**Exercise goal**
Look through the entries below for the line with "In their work" and the line with "在4#连铸机台下,两名拉矫剪", then give again exactly those two lines and all lines between them, minus the pictures.

**Data for this exercise**
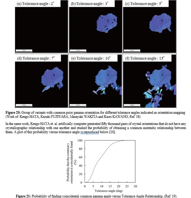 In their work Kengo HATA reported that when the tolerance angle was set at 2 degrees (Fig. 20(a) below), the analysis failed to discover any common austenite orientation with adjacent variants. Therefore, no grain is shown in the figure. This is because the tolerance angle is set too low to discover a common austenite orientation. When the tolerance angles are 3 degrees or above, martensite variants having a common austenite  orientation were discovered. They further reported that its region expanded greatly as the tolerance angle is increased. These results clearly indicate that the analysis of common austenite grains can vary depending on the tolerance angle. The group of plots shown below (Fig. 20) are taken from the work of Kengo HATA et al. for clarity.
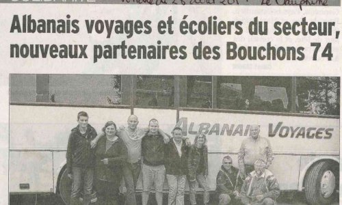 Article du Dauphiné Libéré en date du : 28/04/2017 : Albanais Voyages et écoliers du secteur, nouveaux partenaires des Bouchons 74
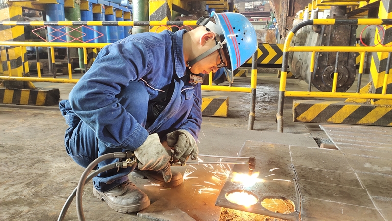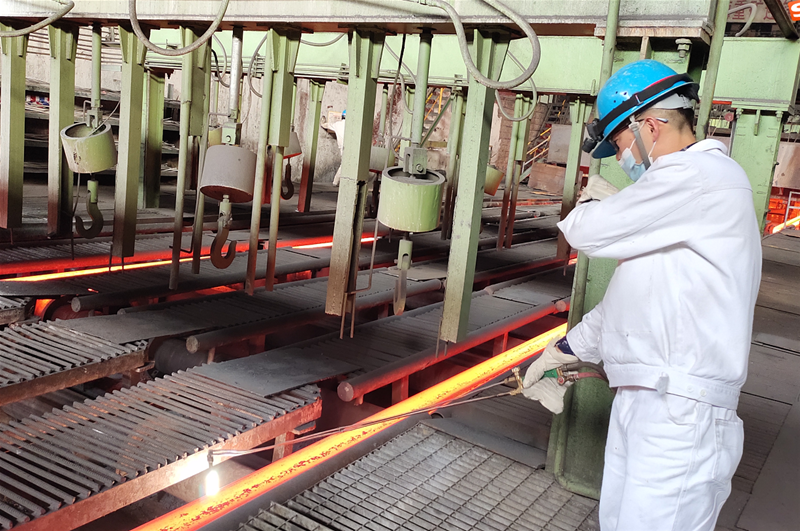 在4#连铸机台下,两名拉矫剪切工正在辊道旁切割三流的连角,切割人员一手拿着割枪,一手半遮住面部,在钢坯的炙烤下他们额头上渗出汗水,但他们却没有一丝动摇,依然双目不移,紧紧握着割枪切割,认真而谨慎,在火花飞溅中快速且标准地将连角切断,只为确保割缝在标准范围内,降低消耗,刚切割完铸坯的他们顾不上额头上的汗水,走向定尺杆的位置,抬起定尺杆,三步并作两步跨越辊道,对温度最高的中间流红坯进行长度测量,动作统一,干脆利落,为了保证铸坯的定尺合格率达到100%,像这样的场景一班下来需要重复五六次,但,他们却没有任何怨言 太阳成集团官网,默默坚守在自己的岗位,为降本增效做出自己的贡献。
---
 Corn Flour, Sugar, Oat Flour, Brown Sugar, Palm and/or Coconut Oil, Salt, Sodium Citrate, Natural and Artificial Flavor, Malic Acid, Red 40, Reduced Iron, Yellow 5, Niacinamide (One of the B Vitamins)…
---
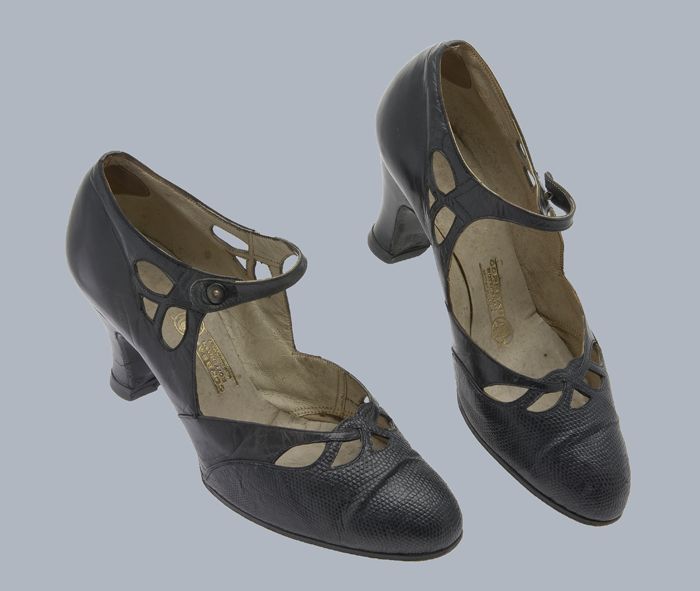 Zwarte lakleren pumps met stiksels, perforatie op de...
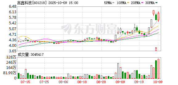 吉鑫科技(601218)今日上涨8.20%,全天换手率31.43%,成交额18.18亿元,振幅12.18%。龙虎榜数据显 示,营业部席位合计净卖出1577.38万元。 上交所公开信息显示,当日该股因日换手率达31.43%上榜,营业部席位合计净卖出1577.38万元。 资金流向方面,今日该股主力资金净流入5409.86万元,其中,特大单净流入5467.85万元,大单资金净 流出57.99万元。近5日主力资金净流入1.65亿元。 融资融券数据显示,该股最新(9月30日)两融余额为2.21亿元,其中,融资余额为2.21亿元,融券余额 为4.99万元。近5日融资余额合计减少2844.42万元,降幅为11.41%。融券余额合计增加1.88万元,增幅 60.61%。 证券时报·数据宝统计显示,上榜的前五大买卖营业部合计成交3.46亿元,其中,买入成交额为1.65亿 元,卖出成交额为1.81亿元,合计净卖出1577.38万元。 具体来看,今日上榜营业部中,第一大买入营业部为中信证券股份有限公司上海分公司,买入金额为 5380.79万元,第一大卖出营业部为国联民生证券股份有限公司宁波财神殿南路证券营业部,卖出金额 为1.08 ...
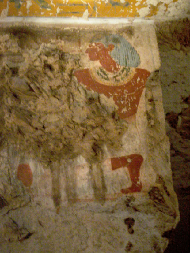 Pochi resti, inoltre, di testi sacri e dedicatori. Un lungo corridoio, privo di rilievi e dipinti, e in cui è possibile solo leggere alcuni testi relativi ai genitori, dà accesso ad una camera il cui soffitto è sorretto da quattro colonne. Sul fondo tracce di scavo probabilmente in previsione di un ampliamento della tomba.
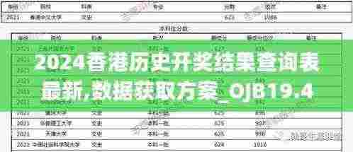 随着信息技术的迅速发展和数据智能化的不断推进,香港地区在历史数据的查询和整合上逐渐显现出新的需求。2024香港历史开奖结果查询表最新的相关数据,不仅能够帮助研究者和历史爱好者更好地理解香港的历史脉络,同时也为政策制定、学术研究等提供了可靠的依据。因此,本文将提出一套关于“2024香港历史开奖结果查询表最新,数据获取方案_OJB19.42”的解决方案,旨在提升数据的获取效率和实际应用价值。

**Task response**
 In their work Kengo HATA reported that when the tolerance angle was set at 2 degrees (Fig. 20(a) below), the analysis failed to discover any common austenite orientation with adjacent variants. Therefore, no grain is shown in the figure. This is because the tolerance angle is set too low to discover a common austenite orientation. When the tolerance angles are 3 degrees or above, martensite variants having a common austenite  orientation were discovered. They further reported that its region expanded greatly as the tolerance angle is increased. These results clearly indicate that the analysis of common austenite grains can vary depending on the tolerance angle. The group of plots shown below (Fig. 20) are taken from the work of Kengo HATA et al. for clarity.
 Article du Dauphiné Libéré en date du : 28/04/2017 : Albanais Voyages et écoliers du secteur, nouveaux partenaires des Bouchons 74
 在4#连铸机台下,两名拉矫剪切工正在辊道旁切割三流的连角,切割人员一手拿着割枪,一手半遮住面部,在钢坯的炙烤下他们额头上渗出汗水,但他们却没有一丝动摇,依然双目不移,紧紧握着割枪切割,认真而谨慎,在火花飞溅中快速且标准地将连角切断,只为确保割缝在标准范围内,降低消耗,刚切割完铸坯的他们顾不上额头上的汗水,走向定尺杆的位置,抬起定尺杆,三步并作两步跨越辊道,对温度最高的中间流红坯进行长度测量,动作统一,干脆利落,为了保证铸坯的定尺合格率达到100%,像这样的场景一班下来需要重复五六次,但,他们却没有任何怨言 太阳成集团官网,默默坚守在自己的岗位,为降本增效做出自己的贡献。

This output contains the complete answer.